Quand il avait quitté les pauvres îles du Cap Vert il avait échoué à Lisbonne comme beaucoup de ses compatriotes et erré dans cette ville douce pendant de longs mois. Il se promenait le long du Tage, dans les ruelles de la vieille ville. Il y avait fait des rencontres éphémères en raison de sa jeunesse et de sa beauté. Rien n'avait duré, pas plus que les petits boulots de serveur, caissier, agent de comptoir dans une boutique de téléphones, qu'il avait trouvés grâce à ses relations éphémères et perdu en raison de la précarité des affaires, de l'inconstance des gens, de leur mépris et du racisme ordinaire.

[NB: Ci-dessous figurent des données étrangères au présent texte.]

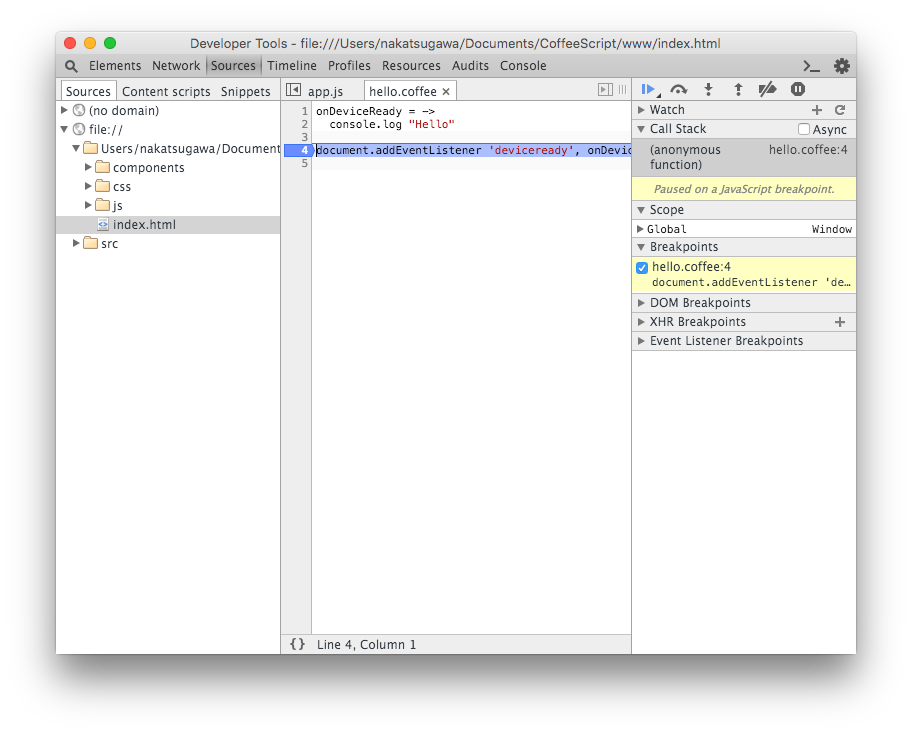 Sourcesタブでsrc/hello.coffeeを開いて、ブレークポイントをチェックするとちゃんと止まるのが確認できるはずです。

Alors il avait tenté sa chance à Porto avant de passer la frontière vers l'Espagne, dont la situation économique était moins catastrophique que celle du Portugal. Il avait fini par atterrir à Ferrol. Alors qu'il traînait ses basques dans la gare, l'immanquable lieu de rendez-vous des traîne-misère qui n'ont nulle part ou aller, il avait vu une affichette signalant que la société de restauration qui opérait dans les trains cherchait en permanence des employés. Il fut pris pour un CDD éternel pour voyager sur des trains plus ou moins antiques et rarement fréquentés. Le salaire était même assorti d'une indemnité de logement lui permettant de se payer une chambre entre deux postes.
Il s'écoula bien une demi heure avant que le premier client ne rentre dans la voiture bar. Les clients avaient toujours l'air d'avoir bu avant même de commander leur première bière. En effet, il fallait qu'ils tirent fortement la porte coulissante, ils devaient la franchir rapidement avant qu'elle ne se referme sur eux, et le plus souvent ils étaient victimes d'une secousse du train qui les jetaient contre le mur ou contre la vitre. Ainsi leur entrée était toujours comique.

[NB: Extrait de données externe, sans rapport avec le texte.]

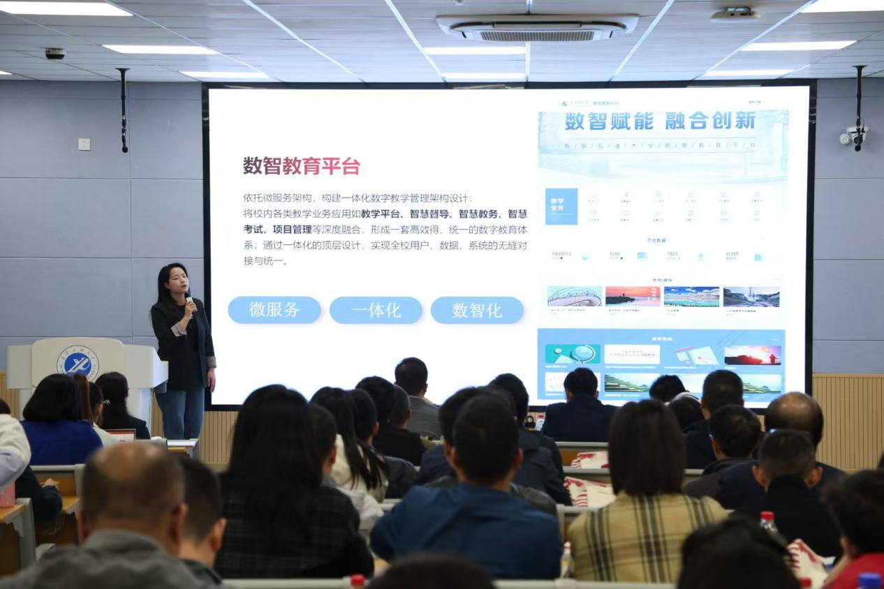 超星泛雅集團(tuán)高級(jí)講師作了題為《西安石油大學(xué)數(shù)智教育平臺(tái)的創(chuàng)新應(yīng)用與實(shí)踐》的培訓(xùn),通過(guò)介紹數(shù)智教育平臺(tái)整體情況、常態(tài)化混合式教學(xué)與應(yīng)用、智慧課程建設(shè)與成果培育三個(gè)方面,讓教師們了解了如何使用智慧平臺(tái)將傳統(tǒng)教學(xué)與現(xiàn)代信息技術(shù)相結(jié)合,打造高效、互動(dòng)的混合式教學(xué)模式,以及如何利用智能技術(shù)提升課堂質(zhì)量,實(shí)現(xiàn)教學(xué)的個(gè)性化和精準(zhǔn)化的方法。

Il vit d'emblée que son premier client était un marin, ce qui n'avait rien d'extraordinaire puisque Ferrol était depuis toujours le port militaire espagnol de la façade atlantique.
Les militaires fréquentent assidûment les trains, seuls ou en bande lorsqu'ils rejoignent leur famille ou leur dulcinée. Leur humeur peut être morose ou joyeuse, ils peuvent s'épancher ou chercher la querelle pour déverser enfin des rancœurs longtemps réprimées.

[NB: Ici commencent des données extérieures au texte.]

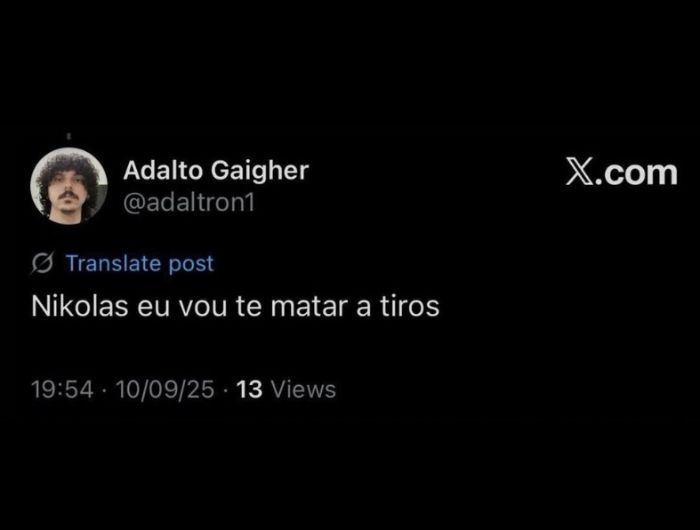 Um aluno de Ciências Biológicas da UFES, Adalto Gaigher Junior, usou as redes sociais para ameaçar o deputado Nikolas Ferreira (PL-MG).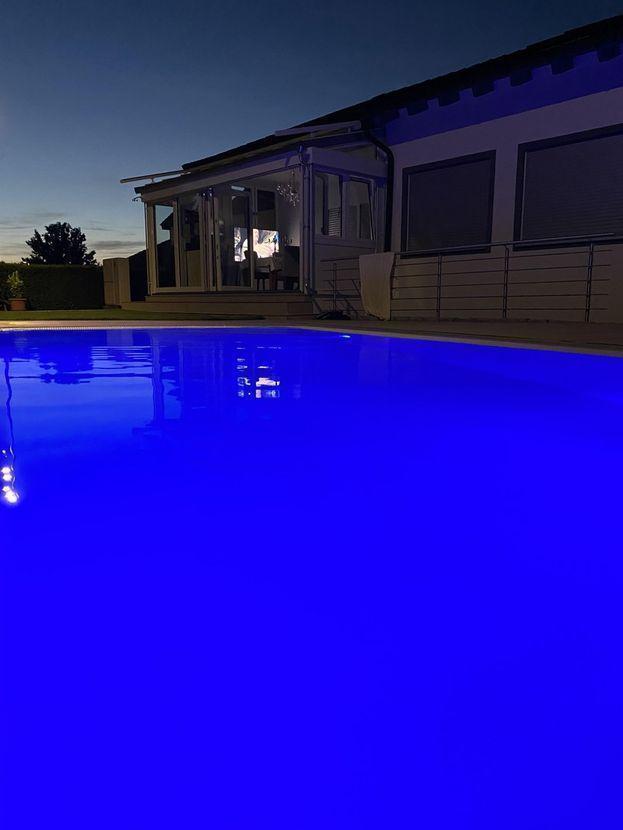 - Bei dem Einfamilienhaus mit großer ELW handelt es sich um eine attraktive Immobilie mit Exklusiver Ausstattung, die sich durch seine gehobene Innenausstattung auszeichnet. Das Haus wurde 1991 gebaut und 2018/2020 saniert. • Hochwertige Einbauküche • Hochwertige großformatige Fliesen im Wohnbereich • Fußbodenheizung EG mit Raumthermostat • Kaminofen mit Steuerung • Einbruchhemmende Fenster und Türen • Elektrische Rollläden mit Steuerung • Bodenebene Dusche • Große Badewanne • Videosprechanlage mit Fingerprint • Wintergarten mit Falttüranlagen und Beschattung • Garage mit Torantrieb • Überdachter Salzwasser Außenpool mit Wärmepumpe beheizt • Gartendusche • Großes Gartenhaus • Luftwärmepumpe mit Röhrenkollektoren für Warmwasser • ELW 76m² ist vermietet

Il accueillait les invectives de ces derniers avec un sourire niais et essuyait sans broncher la tempête des injures racistes.
De quel fer serait trempé celui-la?
Il le regarda bien en face et me vit d'abord que le regard absent d'un esprit occupé par ses pensées.
- que puis-je vous servir? Café con leche?
Il accepta la proposition et prit aussi deux pâtisseries.
D'autres paraissent bêtes, bornés et brutaux, prêts à gaspiller leur énergie  en de vaines disputes. Celui-la semblait réfléchi, rêveur même, amoureux peut-être. 
Observant les épaules remplies et le coffre large Pedro tenta une ouverture pour capter ce regard toujours vague.
- je crains que le train ne soit aux trois quart vide...dit-il en soupirant.
- c'est habituel. Il n'a d'express que le nom...il est si lent que tous ceux qui le peuvent choisissent la route. L'avantage est que l'on peut s'y étaler à son aise.
- et vous n'avez pas de voiture?
- que ferais-je d'une voiture?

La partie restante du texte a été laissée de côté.